The Parties agree that if any provision of this Agreement becomes invalid or unenforceable for any reason: a) the offending provision shall be removed; and b) the remaining provisions of this Agreement shall be unaffected and continue to be valid and enforceable for all purposes.
Any amendment to this Agreement must be mutually consented to by the Parties in writing.
A waiver of a breach of any term of this Agreement or of a default by any Party shall not constitute or be deemed to be a waiver of any other breach or default that may already have occurred, or which may occur. Unless consideration has been received, any such waiver shall not prevent the Party making the waiver from subsequently requiring compliance with the waived obligation or default.
A delay or indulgence or omission in exercising any right, power or remedy shall not be construed as a waiver.
Any notice pursuant to this Agreement shall be in writing and may be sent by: (a) regular mail to the other Party at the address stated in this Agreement and shall be effective 2 days from the date of dispatch; or (b) if permitted in the jurisdiction, by email or other means of written/printed/displayed digital means of communication and such notice shall be deemed to be effective 24 hours after dispatch.

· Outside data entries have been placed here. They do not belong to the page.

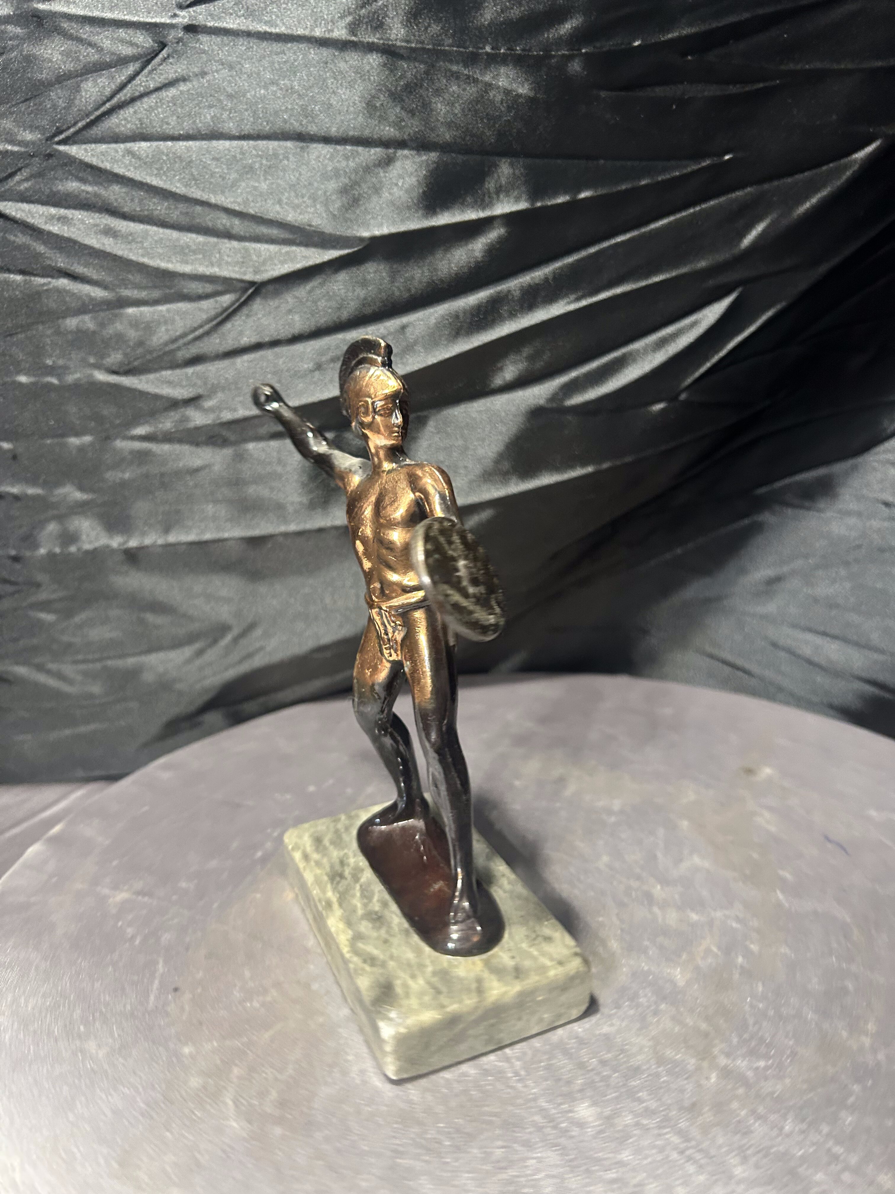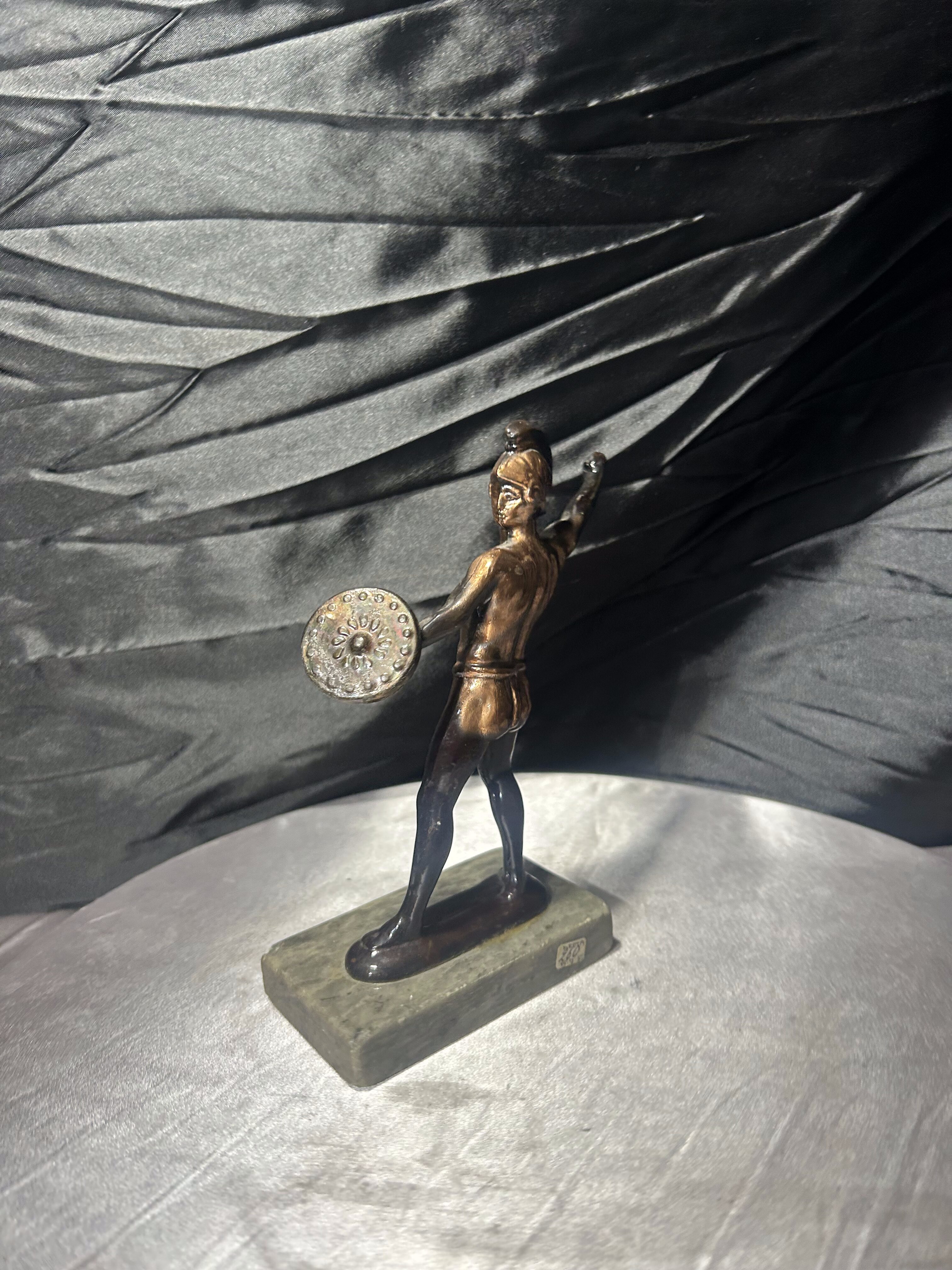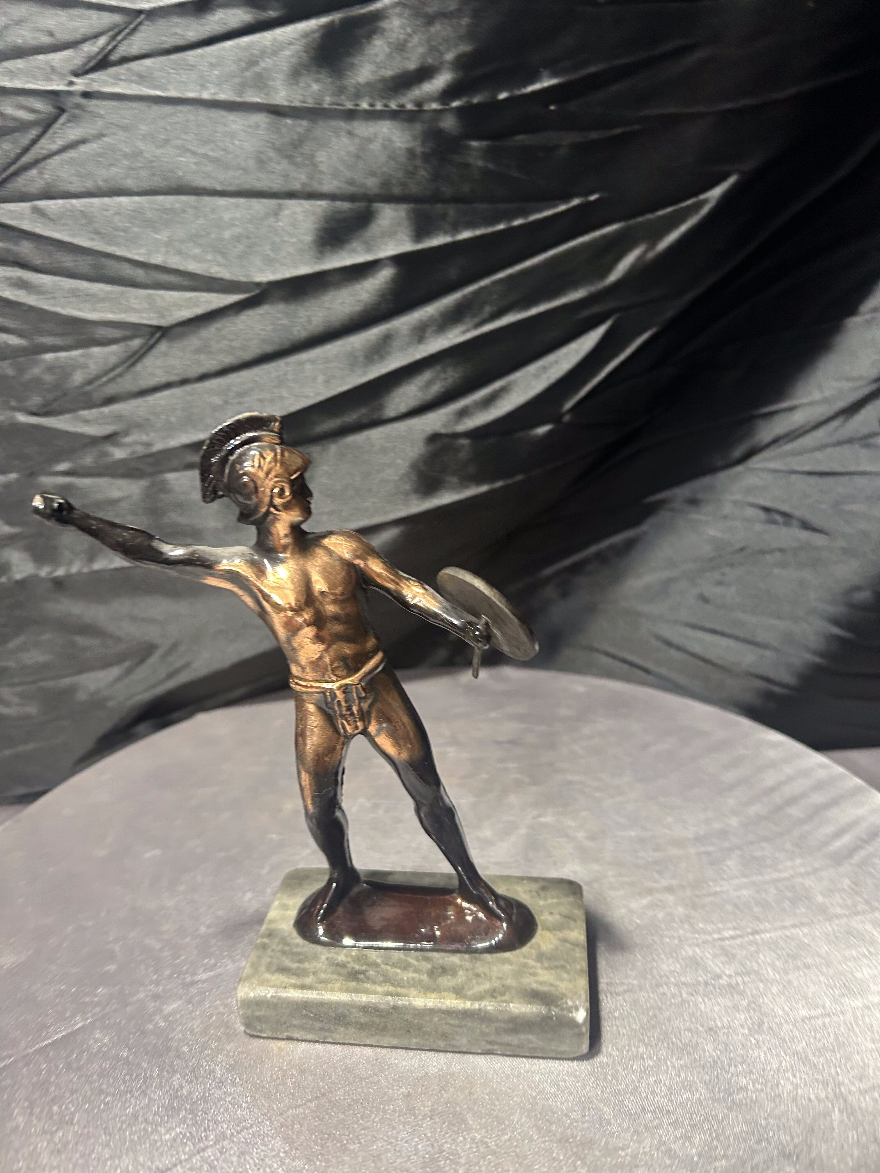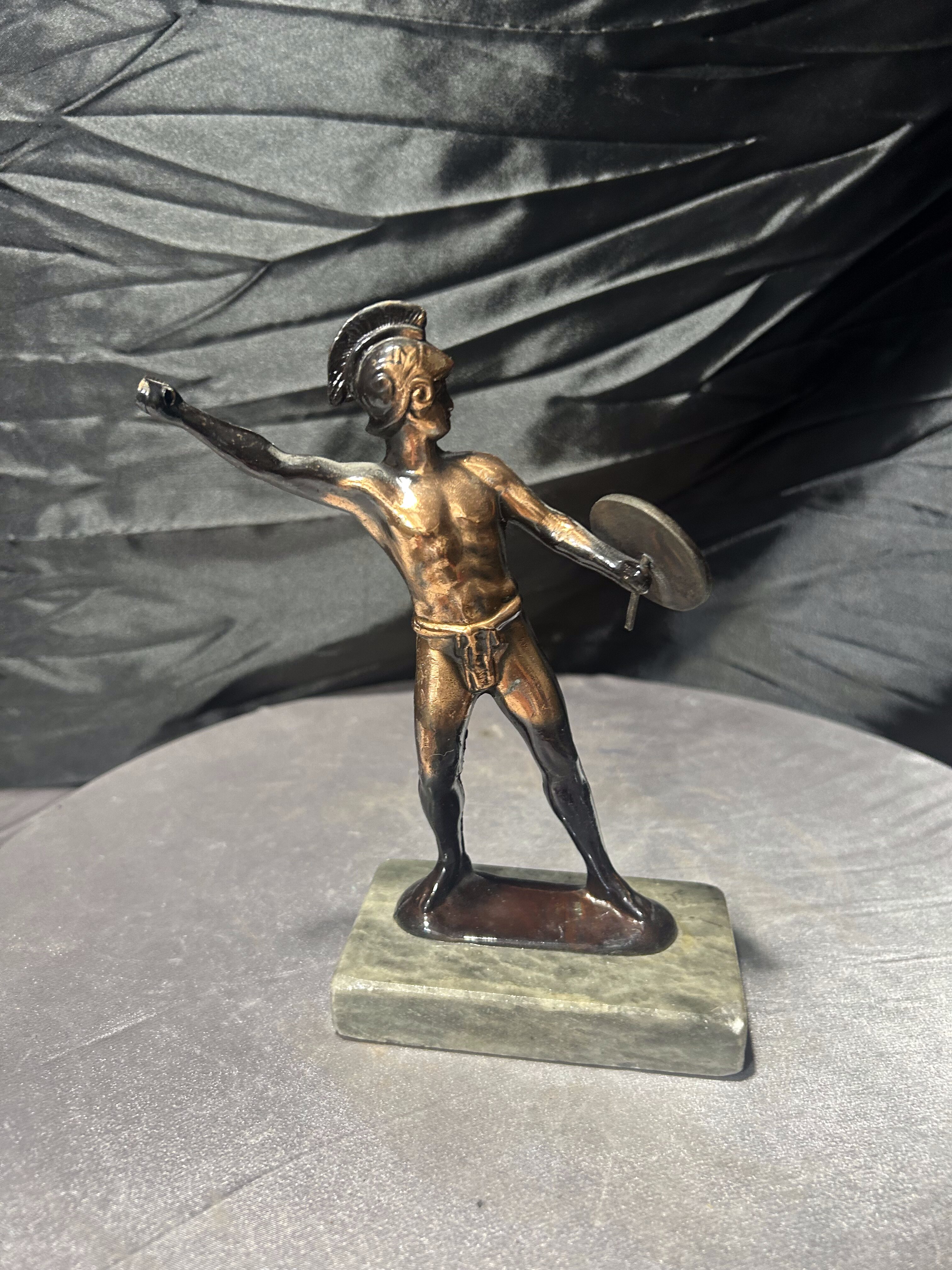 Dekoracyjna figurka rzymianina przedstawiona w dynamicznej pozie, wykonana z metalu z patyną, osadzona na kamiennej podstawie. Postać trzyma tarczę, sylwetka oddana z dbałością o detale anatomiczne i historyczny charakter. Styl nawiązuje do klasycznych przedstawień wojowników starożytnego Rzymu. (bez włóczni)
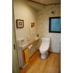間取り変更をし、1.5帖の広いトイレになりました。手洗いを別に取り付け、手摺の代わりに立ち座りをサポートしてくれるカウンターを設置しました。体重をかけても安全なタイプです。
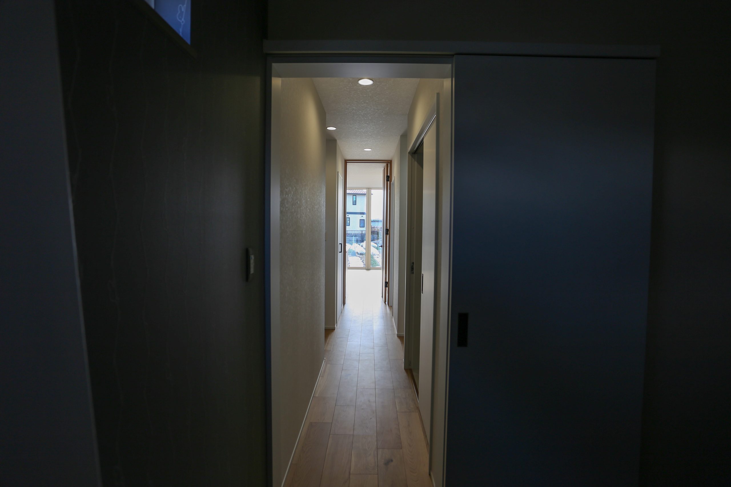 廊下を最小限に抑え、限られた面積の中でも伸びやかに感じられる空間構成としました。

The provisions of this Agreement shall be binding on and inure for the benefit of the Parties and their respective successors and assigns and legal representatives.
The Parties agree that they shall each bear their own respective costs for the preparation and negotiation of this Agreement.
Any Sales Tax payable pursuant to this Agreement shall be for the account of the Client and shall be added to the amounts invoiced by the Agency.
The Vendor shall not be liable to Client for any loss of damage that may arise out of a delay in the performance or non-performance of its obligations pursuant to the terms of this Agreement where the cause of the delay or non-performance is due to causes beyond the control of the Vendor, including pandemic, epidemic, tempest, storm, flood, fire, sabotage, riots, civil unrest, acts and policies of any Federal or State government and/or their Agencies, power grid failure and Acts of God.
The interpretation of this Agreement or any part of it shall be governed by and construed in accordance with the laws of the State of [State] and shall be subject to the exclusive jurisdiction of the federal and state courts located in [County], [State].
User Note: To avoid any misunderstanding and unnecessary mistakes being made, the details of the project, particularly any technical aspects, should be described in as much detail. The Products and/or Services should be described in as much detail as possible to ensure that the Client receives the correct items.
All terms and conditions for the supply of the Products and the Services should be clearly stated in detail together with agreed delivery details.
Full back-end payments should be avoided as they can often lead to no-payment situations. By requiring upfront deposit and/or milestone payments as the deliveries progress, the Vendor will be assured of some payment for its Products and Services. Back-end payments can work where the Client is willing to pay the Purchase Consideration into an escrow account. The funds would be released to the Vendor as pre-agreed milestones are met. The Vendor will probably have to pay the escrow account fees, which can be high.
The User Note is intended for guidance only and does not in any way constitute legal advice and Users should treat it accordingly.